From September 2024 – May 2025, 810 patients underwent DPYD testing; deficiencies were detected in 45 patients (28 receiving 5-FU, 17 receiving capecitabine). Pharmacists issued genotype-guided dose recommendations for all identified patients, with oncologists accepting 40 of 45 recommendations. Among those managed, 14 patients subsequently received dose re-escalation according to clinical tolerability and the standardized algorithm.

These results demonstrate that a pharmacist-led DPYD genotyping workflow is feasible and impactful in the outpatient oncology setting. Oncologist uptake was high, reflecting successful integration into practice. By enabling proactive, personalized fluoropyrimidine dosing and structured re-escalation, the approach has the potential to reduce life-threatening toxicity while minimizing underdosing, thereby improving safety and treatment fidelity.
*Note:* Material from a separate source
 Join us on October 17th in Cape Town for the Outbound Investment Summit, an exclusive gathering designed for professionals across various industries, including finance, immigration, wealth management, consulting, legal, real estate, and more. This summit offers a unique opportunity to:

In parallel, a poster from the Michigan Oncology Quality Consortium (MOQC) assessed real-world biomarker testing in metastatic non-small cell lung cancer (NSCLC) adenocarcinoma across 10 practices. In a retrospective review (January – March 2025), the most recent 10 newly diagnosed metastatic adenocarcinoma patients per site were analyzed using a standardized REDCap form and descriptive statistics. Of the 78 patients, 76 (97%) underwent testing; however, only 62 (79%) received large-panel next-generation sequencing (>50 genes). The remaining 14 had targeted point-mutation assays (n=9), smaller NGS panels (n=4), or underwent testing via an unknown method (n=1). Non-NGS approaches commonly missed NTRK fusions, RET rearrangements, HER2 mutations, and nontraditional EGFR variants. Medical oncologists ordered most tests (n=61, 80%). Actionable biomarkers were found in 43 patients (55%), most commonly KRAS G12C (22%) and EGFR exon 19 deletion/L858R (18%). Notably, of 24 patients with frontline-actionable mutations, 4 (17%) did not receive guideline-recommended targeted therapy. The findings highlight the need for comprehensive testing panels and decision support to ensure guideline-concordant treatment.
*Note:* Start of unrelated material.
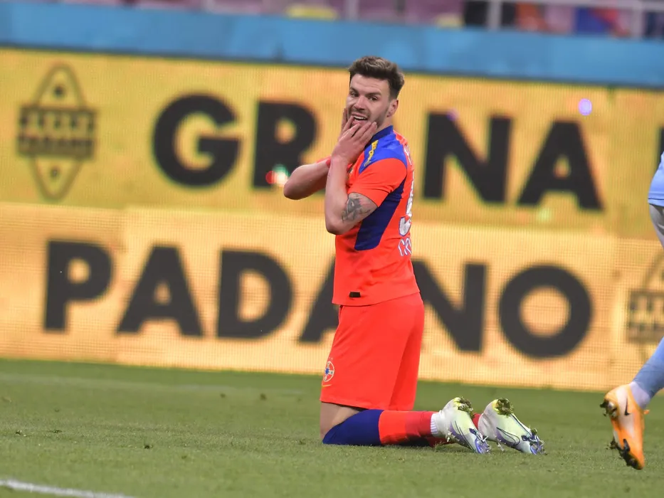 Andrei Ioan Cordea suparat dupa o ratare avuta in meciul de fotbal dintre FCSB si FC Voluntari, contand pentru Liga 1 Casa Pariurilor, desfasurat pe Arena Nationala din Bucuresti, duminica 6 martie 2022. © FOTO:Razvan Pasarica/SPORT PICTURES

A third initiative from McKesson/The US Oncology Network focused on electronic re-prompting for ESR1 mutations in HR-positive, HER2-negative metastatic breast cancer, where ESR1 mutations drive endocrine resistance and became clinically actionable after targeted therapy approvals in January 2023. Clear Value Plus, a decision-support tool, was modified in November 2023 to prompt retesting for ESR1 at disease progression, preceding a February 2024 guideline recommendation. A retrospective analysis of iKnowMed EHR data across more than 2,700 providers at approximately 600 sites (November 2023 – January 2025) evaluated testing coverage, detection, and conversion metrics. Across 8,742 treatment decisions (5,903 first line; 1,808 second line; 1,031 beyond), the proportion with known ESR1 status rose from 37.3% to 44.6%. ESR1 mutations were detected in 12% prior to first-line therapy, 19% prior to second-line, and 27% beyond second-line. Re-prompting converted 9% of unknown decisions to known status, enabling potential targeted therapy for 463 patients. Negative-to-positive conversion was 1%; repeat testing among ESR1-positive patients occurred in 9%; positive-to-negative conversion was under 1%. The strategy improved reporting, provider education, and timely identification of patients eligible for targeted therapies.
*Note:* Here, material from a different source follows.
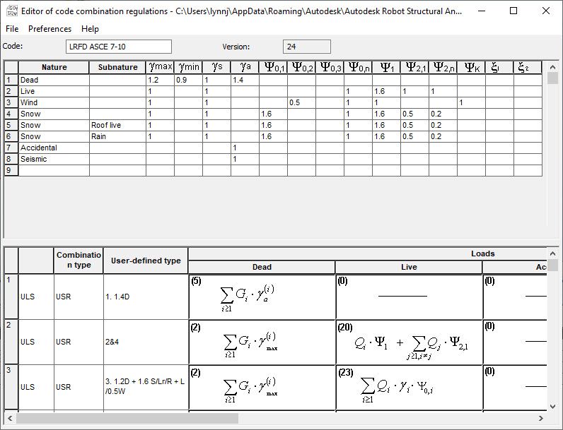 After the factor values or combination formulas of regulations were modified, the edited *.rgl regulation file may be saved by selecting File > Save. The file is saved by default in the user's data folder (...\ Users \ your_login \ AppData \ Roaming \ Autodesk \ Structural \ Common Data \ version_number \...).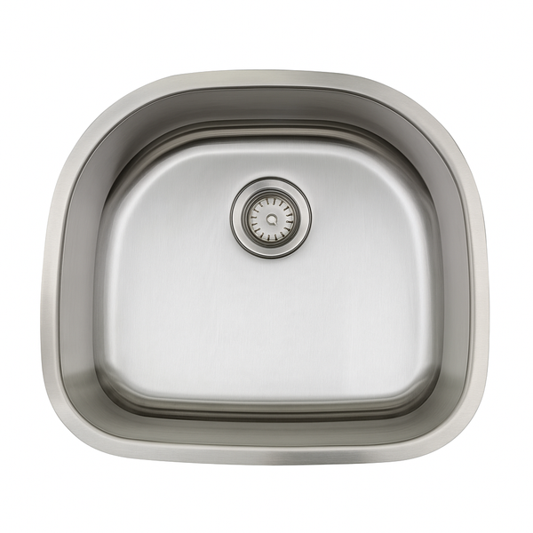 The E-Stainless 18 Gauge Large Single "D" Shape Bowl measures 24 x 21 inches with a 9-inch bowl depth, crafted from durable 18-gauge stainless steel for lasting strength and reliability. Its unique "D" shape design offers a spacious and stylish workspace, perfect for a variety of kitchen tasks. Upgrade your kitchen with this practical and elegant sink that combines functionality with a sleek, modern look.

Collectively, these initiatives underscore the value of embedding pharmacist expertise and EHR-driven prompts into routine care. They also demonstrate that proactive testing and standardized, genotype-guided recommendations can enhance patient safety, increase mutation detection and reporting, and improve alignment with guideline-directed therapies. Future opportunities include expanded decision support, continuous training, and real-time performance feedback to sustain and scale precision oncology across practices.

Conclusion

Pharmacist-led research at the 2025 ASCO Quality Care Symposium highlights the breadth of pharmacists’ impact on oncology care. From advancing precision medicine through genotype-guided dosing and biomarker testing to expanding patient access through drug repositories and improving clinical outcomes through oral anticancer medication management, these projects demonstrate how pharmacists enhance safety, efficiency, and equity in cancer care.